— EXERCISE AIM —
Every line from the top of the records through the line containing "위와 같이 스크립트를" should be retyped exactly; the pictures should not.

(Records from a dataset)
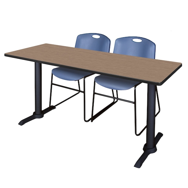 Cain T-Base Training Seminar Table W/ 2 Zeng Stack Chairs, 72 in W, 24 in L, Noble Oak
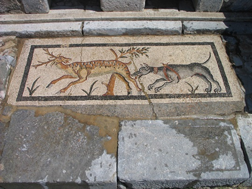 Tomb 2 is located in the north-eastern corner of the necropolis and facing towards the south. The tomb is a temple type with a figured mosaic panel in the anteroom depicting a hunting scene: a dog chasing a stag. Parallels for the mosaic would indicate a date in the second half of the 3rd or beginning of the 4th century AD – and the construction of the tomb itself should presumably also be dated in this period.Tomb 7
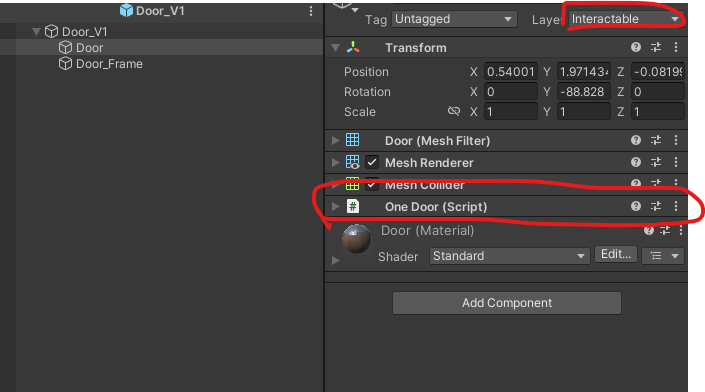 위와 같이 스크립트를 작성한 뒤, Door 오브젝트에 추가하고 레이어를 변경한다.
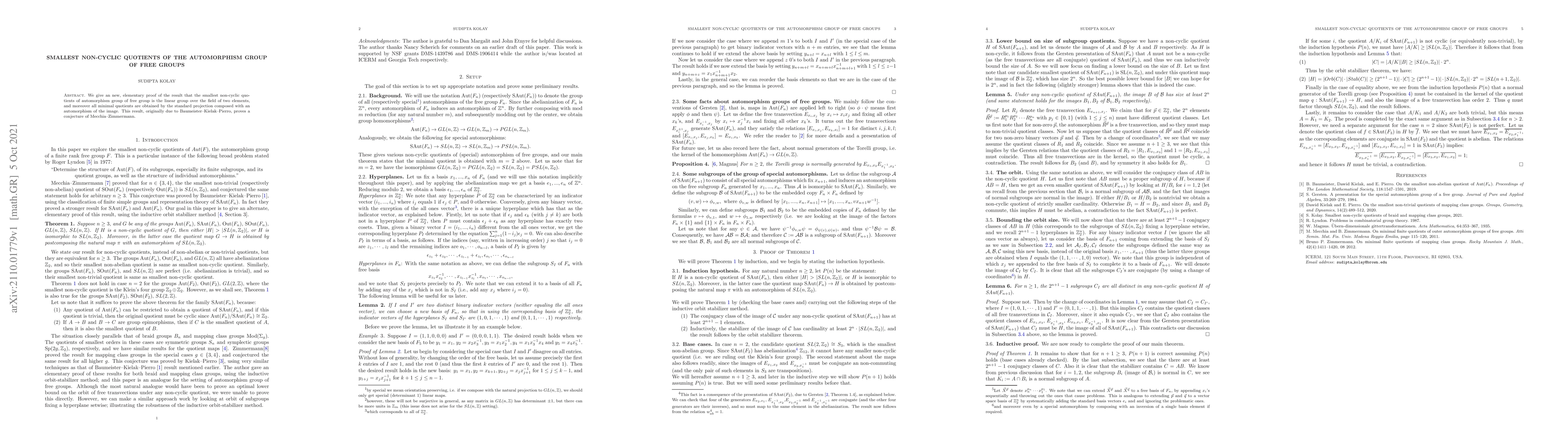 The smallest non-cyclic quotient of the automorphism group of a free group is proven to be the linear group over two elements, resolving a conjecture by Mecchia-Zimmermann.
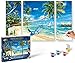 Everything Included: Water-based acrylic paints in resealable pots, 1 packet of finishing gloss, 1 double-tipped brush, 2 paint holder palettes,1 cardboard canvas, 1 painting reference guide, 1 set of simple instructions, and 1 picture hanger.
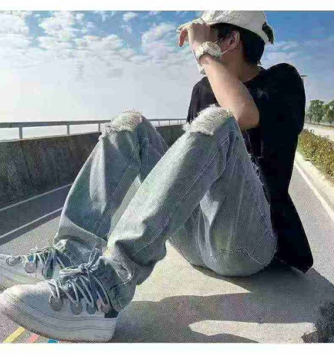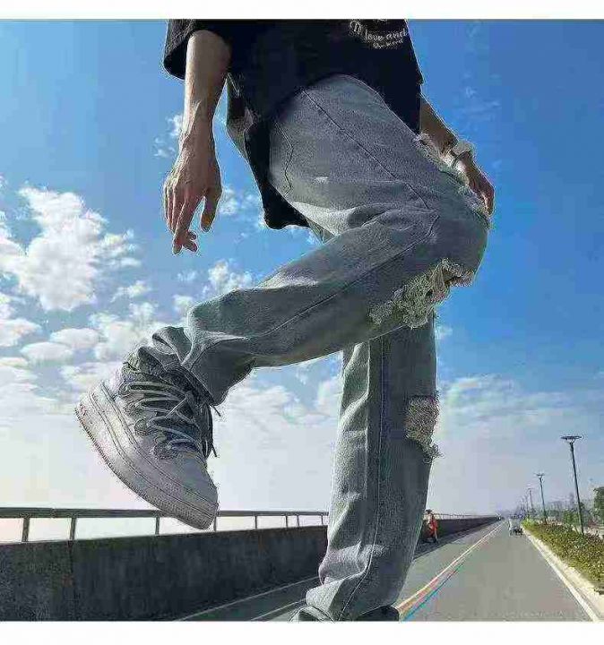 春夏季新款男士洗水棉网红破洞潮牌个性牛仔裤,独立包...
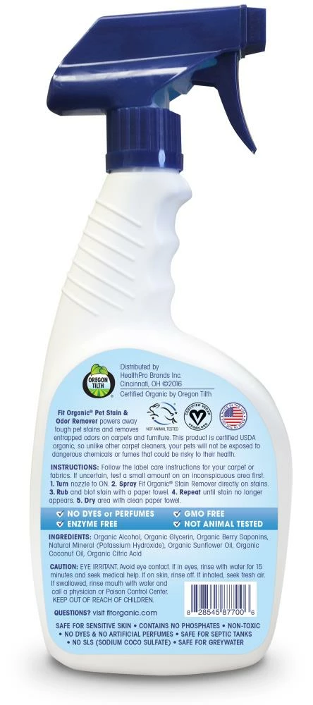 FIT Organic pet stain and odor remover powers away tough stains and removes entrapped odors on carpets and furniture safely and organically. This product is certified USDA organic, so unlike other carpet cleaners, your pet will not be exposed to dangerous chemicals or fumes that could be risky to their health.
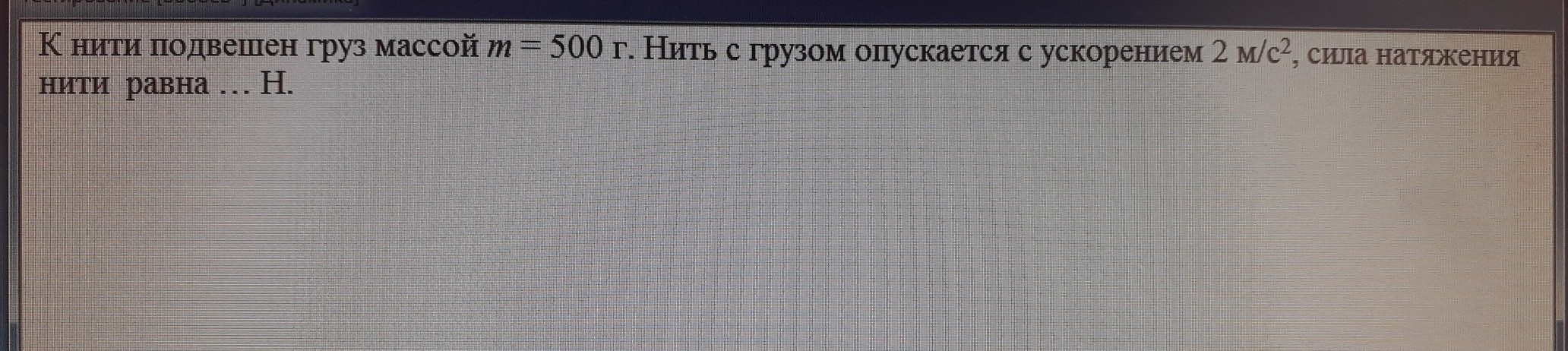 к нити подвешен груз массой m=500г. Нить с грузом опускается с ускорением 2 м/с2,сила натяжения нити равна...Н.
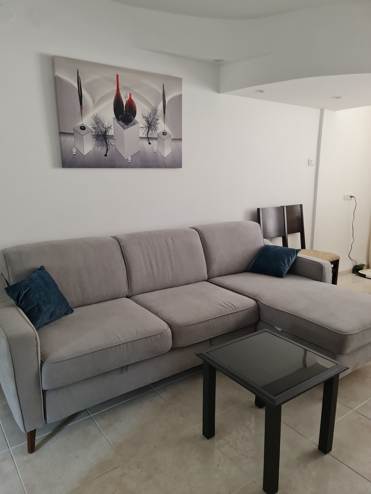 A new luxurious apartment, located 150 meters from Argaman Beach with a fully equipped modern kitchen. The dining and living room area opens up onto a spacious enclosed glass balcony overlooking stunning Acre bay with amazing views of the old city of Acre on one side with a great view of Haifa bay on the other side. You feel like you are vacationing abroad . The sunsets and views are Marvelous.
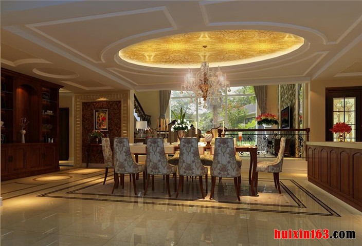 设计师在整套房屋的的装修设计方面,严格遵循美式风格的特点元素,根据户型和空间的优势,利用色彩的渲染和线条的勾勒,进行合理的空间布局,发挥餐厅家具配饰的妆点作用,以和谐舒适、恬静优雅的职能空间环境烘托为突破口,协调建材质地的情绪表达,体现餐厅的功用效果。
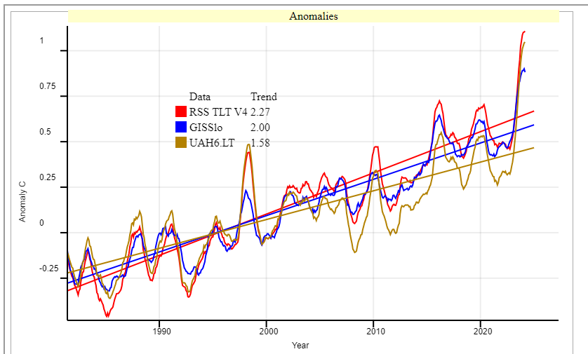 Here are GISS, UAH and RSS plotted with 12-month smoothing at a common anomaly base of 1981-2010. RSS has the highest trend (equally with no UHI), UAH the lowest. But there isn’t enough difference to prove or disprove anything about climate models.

— WRITTEN SOLUTION —
 Cain T-Base Training Seminar Table W/ 2 Zeng Stack Chairs, 72 in W, 24 in L, Noble Oak
 Tomb 2 is located in the north-eastern corner of the necropolis and facing towards the south. The tomb is a temple type with a figured mosaic panel in the anteroom depicting a hunting scene: a dog chasing a stag. Parallels for the mosaic would indicate a date in the second half of the 3rd or beginning of the 4th century AD – and the construction of the tomb itself should presumably also be dated in this period.Tomb 7
 위와 같이 스크립트를 작성한 뒤, Door 오브젝트에 추가하고 레이어를 변경한다.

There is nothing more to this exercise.